TASK DIRECTIONS - This exercise calls for every record to be returned exactly, with pictures removed.

Saved data entries:
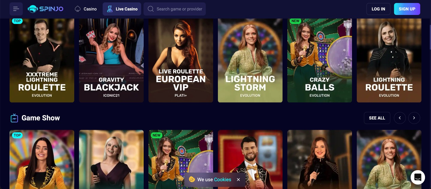 Spinjo Casino assembles thousands of games, led by slots in formats like Megaways, hold & win, jackpots, and bonus buy features. Categories organize new releases, recommended picks, and themes such as mythology or classics. Live dealer tables cover blackjack, roulette, baccarat, plus shows like Crazy Time. RNG tables include video poker and card variants, with instant wins offering crash, mines, and plinko. Providers exceed 100, ensuring steady quality and mobile play. Filters help narrow choices by volatility or mechanic, though demos vary and geo-restrictions affect access in places. No sportsbook section exists, keeping focus on casino content. The arrangement supports casual spins or focused sessions across stakes.
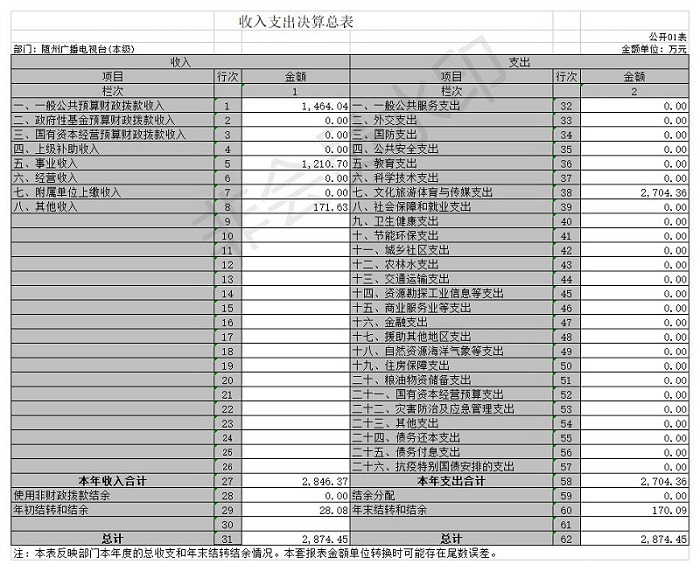 隨州廣播電視臺(本級)2020年收入合計2874.45萬元[較2019年(3173.38萬元)減少298.93萬元,減少9.42%,主要原因是減少了省級專項資金190.59萬元,事業收入減少100.93萬元,和2020年預算(3019.91萬元)相比減少了145.46萬元,減少4.82%]。其中財政撥款1464.04萬元,較2019年(1463.65萬元)增加了0.39萬元,增加原因是將省級專項資金計入財政撥款,事業收入1210.7萬元,其他收入171.63萬元;上年結轉28.08萬元。
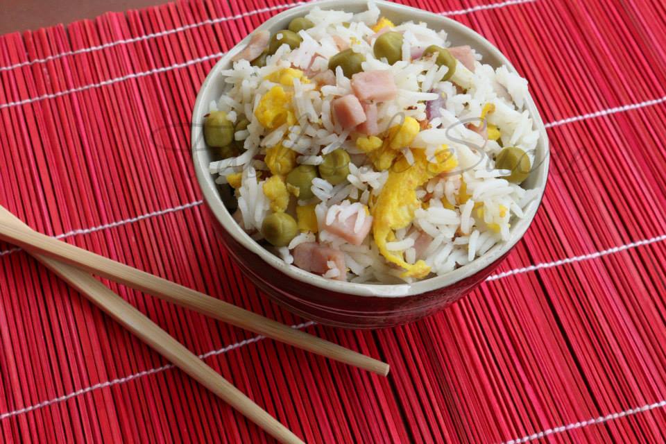 Strapazzate le uova in un wok con due cucchiai di olio di semi, facendole cuocere. Una volta pronte trasferitele in un piatto e spezzettatele finemente con una forchetta. Ponete in una pentola due cucchiai di olio e fatevi saltare il prosciutto a cubetti e i piselli con un pizzico di sale per 2 minuti. Quando il riso sarà al dente, scolatelo e mettelo da parte
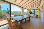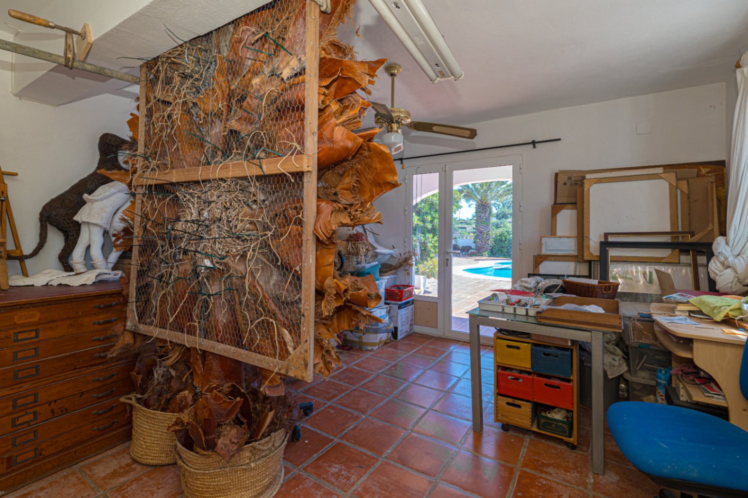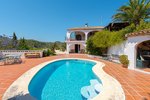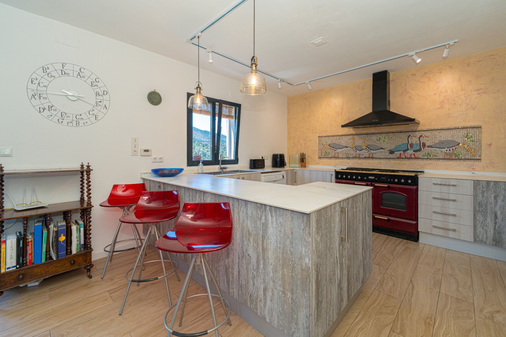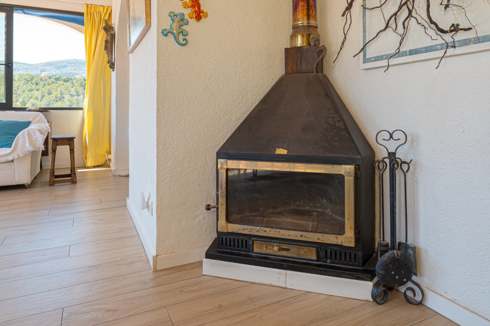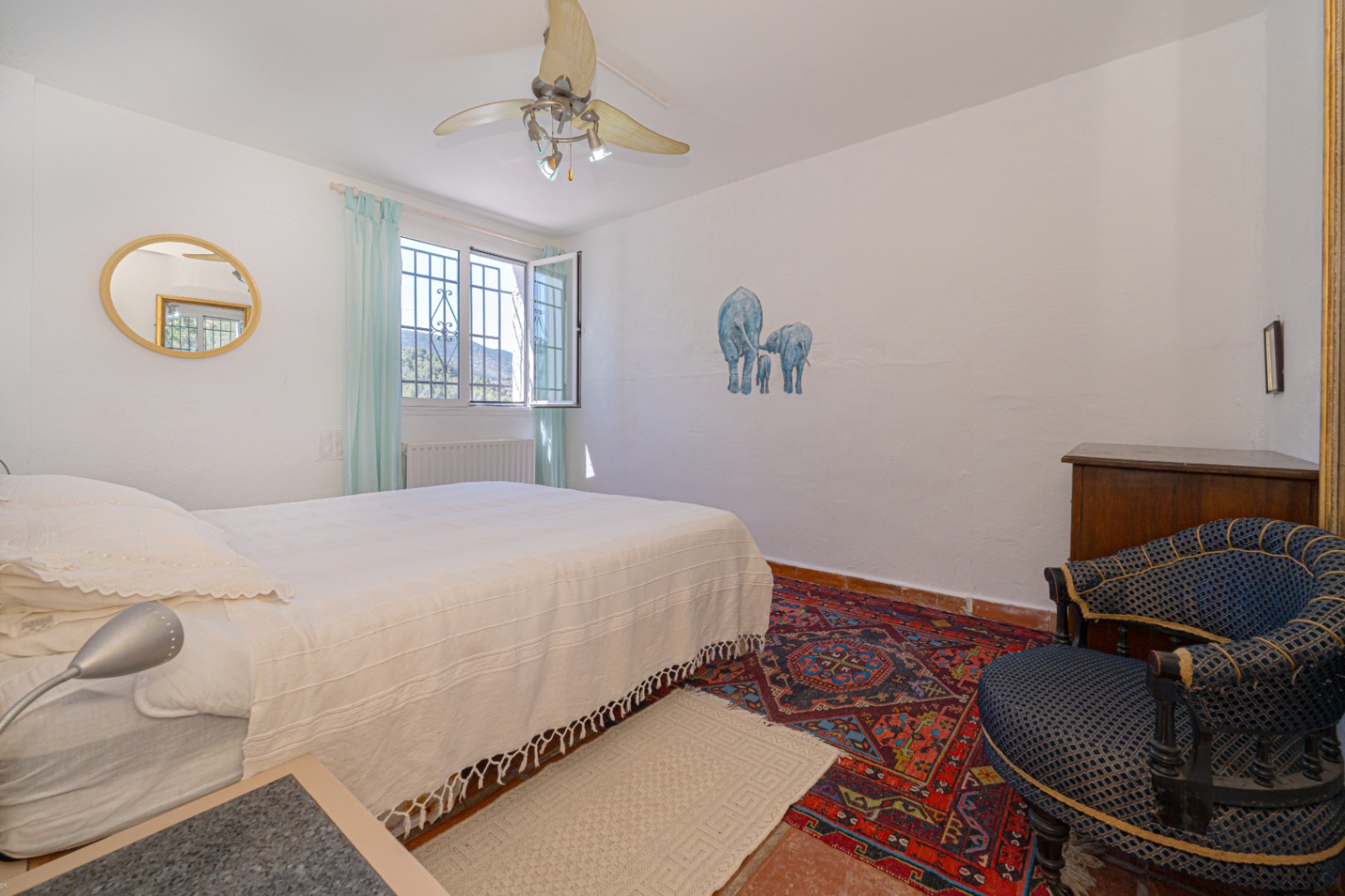 Prachtige vrijstaande landelijke woning op het zuiden met spectaculair uitzicht op de bergen, gelegen op een zeer rustige locatie op het platteland, maar toch op slechts 10 minuten rijden van de steden Benissa en Calpe. Deze unieke woning in finca-stijl heeft een rustieke charme en is recentelijk gemoderniseerd met ruime accommodatie, bestaande uit een open overdekte chill-out naya met dubbele openslaande deuren naar een glazen overdekte naya met hoge balkenplafonds, een houtkachel, twee plafondventilatoren, grote schuifdeuren naar een open zonneterras met prachtig panoramisch uitzicht op de bergen op het zuiden, een grote lichte en luchtige open woonkamer van 90 m² met eethoek met houtkachel, houten balkenplafonds, twee plafondventilatoren en een volledig ingerichte keuken met aga-fornuis en ontbijtbar. Een gang leidt naar twee tweepersoonsslaapkamers en een familiedouche. Een trap leidt naar de master bedroom suite, met schuine plafonds, een ensuite badkamer met een bad en een aparte inloopdouche, en extra grote opslagruimtes. Vanuit de woonkamer leidt een interne trap naar beneden naar een zelfstandig appartement met twee slaapkamers, een familiedouche, een volledig ingerichte keuken en een chill-out eetkamer, met openslaande deuren naar een eigen overdekte naya die leidt naar het zonneterras bij het zwembad. Buiten vindt u een prachtig niervormig zwembad met een groot zonneterras en een barbecuecasita. Het prachtige perceel van 4389 m² heeft een werkplaats/opslagruimte, twee privéopritten, één met een dubbele garage en de andere met een dubbele carport, en voldoende parkeergelegenheid voor een wagenpark of campers. Het pand heeft stallen met een vlakke weide voor paarden en is de ideale uitvalsbasis om te paardrijden of met de hond te wandelen door het prachtige landschap. Het pand is voorzien van dubbele beglazing, centrale verwarming met olieradiatoren en zou een perfecte permanente gezinswoning zijn. Deze woning heeft veel bijzondere kenmerken en biedt een werkelijk spectaculair uitzicht op het zuiden. Om de rustige en vredige omgeving ten volle te kunnen waarderen, is een persoonlijke bezichtiging essentieel.
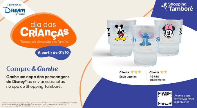Até o dia 12 de outubro, os participantes poderão aproveitar a campanha Compre & Ganhe. Ao cadastrar suas notas fiscais no aplicativo do shopping, os clientes terão direito a um copo colecionável com personagens Disney, em parceria com a Dream Store. São três modelos disponíveis, e a mecânica varia de acordo com a categoria: clientes duas estrelas ganham o brinde a partir de R$550 em compras, enquanto clientes três estrelas recebem mediante o cadastro de duas notas fiscais.
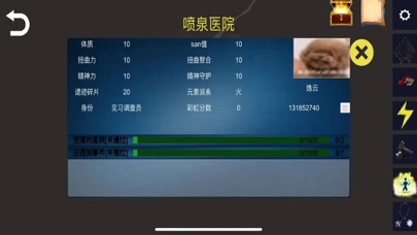 作为调查员,你将会降临各个平行宇宙,扮演各种各样的角色,以完成主线或者支线,并获得相应级别的封印物、原材料、碎片。
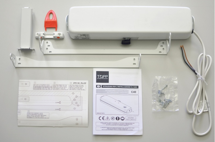 Elektrický okenní pohon C40 je spolehlivý, elegantní a uspokojí i náročné uživatele. Volbou správné barvy získáte pro své automatizované okno estetický a plně funkční prvek. Barvy pohonu je možné volit mezi černou, šedou nebo oblíbenou bílou. Stejnou barvu pohonu budou mít i montážní konzolky. Barvy přívodního kabelu pro šedé a černé pohony jsou černé a bílé pro bílé pohony. Pohon je vsazen do pevné a profesionálně zpracované plastové skříně. Odolný řetěz z antikorozní oceli vyúsťuje v centrální části pohonu (mezinárodní patent) a snese zátěž 400 N, což představuje u střešního okna váhu cca 74 kg, u svislého okna váhu cca 90 kg. Standardní otočná kovová konzola ve tvaru U je vhodná pro všechny typy oken, a dovoluje pohonu naklápění dle jeho potřeb. Koncové spínače jsou řešeny elektronicky. Funkce automatického odpojení při přetížení vždy správně dotěsní výplň v rámu okna. Funkce zpomalení pohonu před dosednutím při zavírání garantuje maximálně tiché zavření okna a šetří mechaniku pohonu.

TASK SOLUTION -
 Spinjo Casino assembles thousands of games, led by slots in formats like Megaways, hold & win, jackpots, and bonus buy features. Categories organize new releases, recommended picks, and themes such as mythology or classics. Live dealer tables cover blackjack, roulette, baccarat, plus shows like Crazy Time. RNG tables include video poker and card variants, with instant wins offering crash, mines, and plinko. Providers exceed 100, ensuring steady quality and mobile play. Filters help narrow choices by volatility or mechanic, though demos vary and geo-restrictions affect access in places. No sportsbook section exists, keeping focus on casino content. The arrangement supports casual spins or focused sessions across stakes.
 隨州廣播電視臺(本級)2020年收入合計2874.45萬元[較2019年(3173.38萬元)減少298.93萬元,減少9.42%,主要原因是減少了省級專項資金190.59萬元,事業收入減少100.93萬元,和2020年預算(3019.91萬元)相比減少了145.46萬元,減少4.82%]。其中財政撥款1464.04萬元,較2019年(1463.65萬元)增加了0.39萬元,增加原因是將省級專項資金計入財政撥款,事業收入1210.7萬元,其他收入171.63萬元;上年結轉28.08萬元。
 Strapazzate le uova in un wok con due cucchiai di olio di semi, facendole cuocere. Una volta pronte trasferitele in un piatto e spezzettatele finemente con una forchetta. Ponete in una pentola due cucchiai di olio e fatevi saltare il prosciutto a cubetti e i piselli con un pizzico di sale per 2 minuti. Quando il riso sarà al dente, scolatelo e mettelo da parte
 Prachtige vrijstaande landelijke woning op het zuiden met spectaculair uitzicht op de bergen, gelegen op een zeer rustige locatie op het platteland, maar toch op slechts 10 minuten rijden van de steden Benissa en Calpe. Deze unieke woning in finca-stijl heeft een rustieke charme en is recentelijk gemoderniseerd met ruime accommodatie, bestaande uit een open overdekte chill-out naya met dubbele openslaande deuren naar een glazen overdekte naya met hoge balkenplafonds, een houtkachel, twee plafondventilatoren, grote schuifdeuren naar een open zonneterras met prachtig panoramisch uitzicht op de bergen op het zuiden, een grote lichte en luchtige open woonkamer van 90 m² met eethoek met houtkachel, houten balkenplafonds, twee plafondventilatoren en een volledig ingerichte keuken met aga-fornuis en ontbijtbar. Een gang leidt naar twee tweepersoonsslaapkamers en een familiedouche. Een trap leidt naar de master bedroom suite, met schuine plafonds, een ensuite badkamer met een bad en een aparte inloopdouche, en extra grote opslagruimtes. Vanuit de woonkamer leidt een interne trap naar beneden naar een zelfstandig appartement met twee slaapkamers, een familiedouche, een volledig ingerichte keuken en een chill-out eetkamer, met openslaande deuren naar een eigen overdekte naya die leidt naar het zonneterras bij het zwembad. Buiten vindt u een prachtig niervormig zwembad met een groot zonneterras en een barbecuecasita. Het prachtige perceel van 4389 m² heeft een werkplaats/opslagruimte, twee privéopritten, één met een dubbele garage en de andere met een dubbele carport, en voldoende parkeergelegenheid voor een wagenpark of campers. Het pand heeft stallen met een vlakke weide voor paarden en is de ideale uitvalsbasis om te paardrijden of met de hond te wandelen door het prachtige landschap. Het pand is voorzien van dubbele beglazing, centrale verwarming met olieradiatoren en zou een perfecte permanente gezinswoning zijn. Deze woning heeft veel bijzondere kenmerken en biedt een werkelijk spectaculair uitzicht op het zuiden. Om de rustige en vredige omgeving ten volle te kunnen waarderen, is een persoonlijke bezichtiging essentieel.
Até o dia 12 de outubro, os participantes poderão aproveitar a campanha Compre & Ganhe. Ao cadastrar suas notas fiscais no aplicativo do shopping, os clientes terão direito a um copo colecionável com personagens Disney, em parceria com a Dream Store. São três modelos disponíveis, e a mecânica varia de acordo com a categoria: clientes duas estrelas ganham o brinde a partir de R$550 em compras, enquanto clientes três estrelas recebem mediante o cadastro de duas notas fiscais.
 作为调查员,你将会降临各个平行宇宙,扮演各种各样的角色,以完成主线或者支线,并获得相应级别的封印物、原材料、碎片。
 Elektrický okenní pohon C40 je spolehlivý, elegantní a uspokojí i náročné uživatele. Volbou správné barvy získáte pro své automatizované okno estetický a plně funkční prvek. Barvy pohonu je možné volit mezi černou, šedou nebo oblíbenou bílou. Stejnou barvu pohonu budou mít i montážní konzolky. Barvy přívodního kabelu pro šedé a černé pohony jsou černé a bílé pro bílé pohony. Pohon je vsazen do pevné a profesionálně zpracované plastové skříně. Odolný řetěz z antikorozní oceli vyúsťuje v centrální části pohonu (mezinárodní patent) a snese zátěž 400 N, což představuje u střešního okna váhu cca 74 kg, u svislého okna váhu cca 90 kg. Standardní otočná kovová konzola ve tvaru U je vhodná pro všechny typy oken, a dovoluje pohonu naklápění dle jeho potřeb. Koncové spínače jsou řešeny elektronicky. Funkce automatického odpojení při přetížení vždy správně dotěsní výplň v rámu okna. Funkce zpomalení pohonu před dosednutím při zavírání garantuje maximálně tiché zavření okna a šetří mechaniku pohonu.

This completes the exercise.